** Opening DATASET CONTENT block **

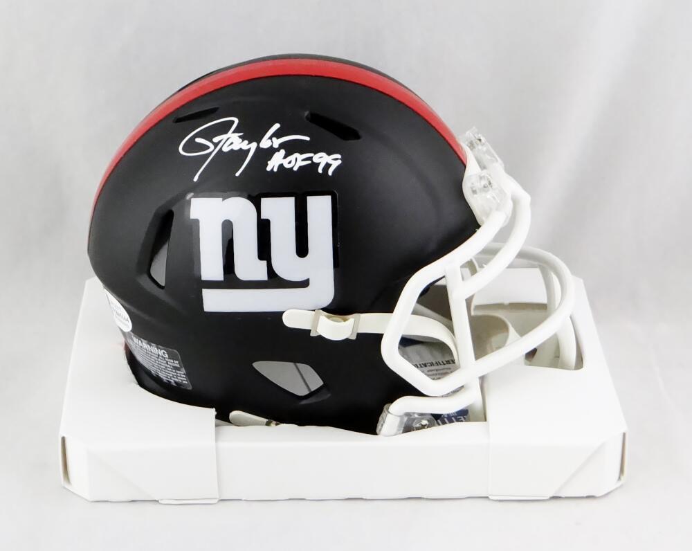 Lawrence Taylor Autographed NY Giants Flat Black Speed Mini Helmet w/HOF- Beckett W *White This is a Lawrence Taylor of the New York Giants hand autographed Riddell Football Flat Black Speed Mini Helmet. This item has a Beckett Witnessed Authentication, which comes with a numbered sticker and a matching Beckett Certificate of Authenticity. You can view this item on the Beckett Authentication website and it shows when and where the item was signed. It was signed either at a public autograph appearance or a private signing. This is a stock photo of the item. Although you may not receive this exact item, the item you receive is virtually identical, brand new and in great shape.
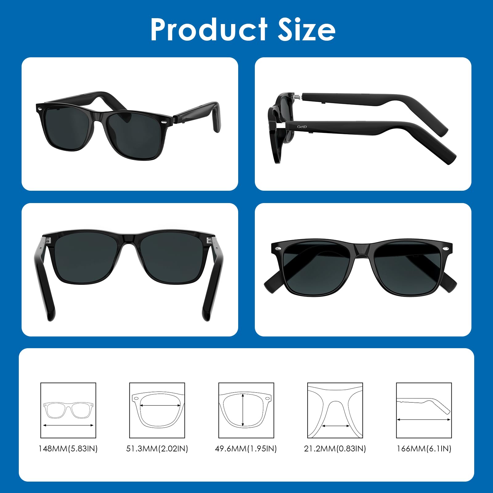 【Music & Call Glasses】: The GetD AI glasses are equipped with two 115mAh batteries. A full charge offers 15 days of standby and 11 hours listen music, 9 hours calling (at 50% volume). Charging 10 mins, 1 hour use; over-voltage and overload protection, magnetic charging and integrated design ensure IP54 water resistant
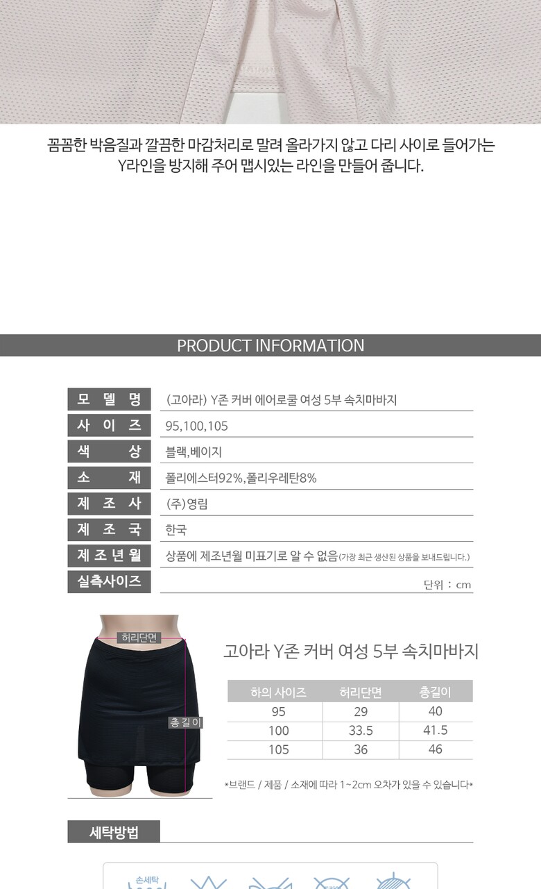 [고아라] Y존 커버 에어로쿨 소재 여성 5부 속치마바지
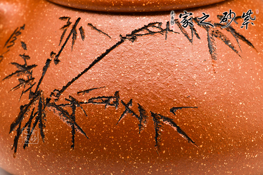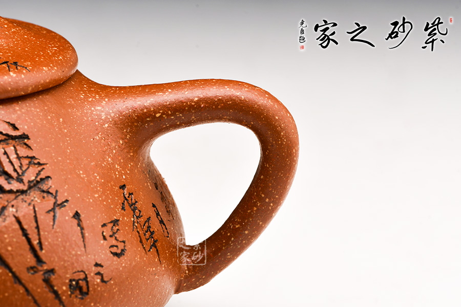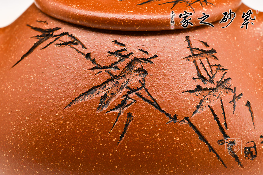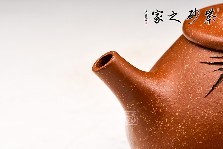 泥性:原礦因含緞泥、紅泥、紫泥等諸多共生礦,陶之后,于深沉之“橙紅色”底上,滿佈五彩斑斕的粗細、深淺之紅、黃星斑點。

** Closing DATASET CONTENT block **

* _EXERCISE DESCRIPTION_:
Copy the listing above verbatim, leaving out pictures.

* _ANSWER SECTION_:
 Lawrence Taylor Autographed NY Giants Flat Black Speed Mini Helmet w/HOF- Beckett W *White This is a Lawrence Taylor of the New York Giants hand autographed Riddell Football Flat Black Speed Mini Helmet. This item has a Beckett Witnessed Authentication, which comes with a numbered sticker and a matching Beckett Certificate of Authenticity. You can view this item on the Beckett Authentication website and it shows when and where the item was signed. It was signed either at a public autograph appearance or a private signing. This is a stock photo of the item. Although you may not receive this exact item, the item you receive is virtually identical, brand new and in great shape.
 【Music & Call Glasses】: The GetD AI glasses are equipped with two 115mAh batteries. A full charge offers 15 days of standby and 11 hours listen music, 9 hours calling (at 50% volume). Charging 10 mins, 1 hour use; over-voltage and overload protection, magnetic charging and integrated design ensure IP54 water resistant
 [고아라] Y존 커버 에어로쿨 소재 여성 5부 속치마바지
 泥性:原礦因含緞泥、紅泥、紫泥等諸多共生礦,陶之后,于深沉之“橙紅色”底上,滿佈五彩斑斕的粗細、深淺之紅、黃星斑點。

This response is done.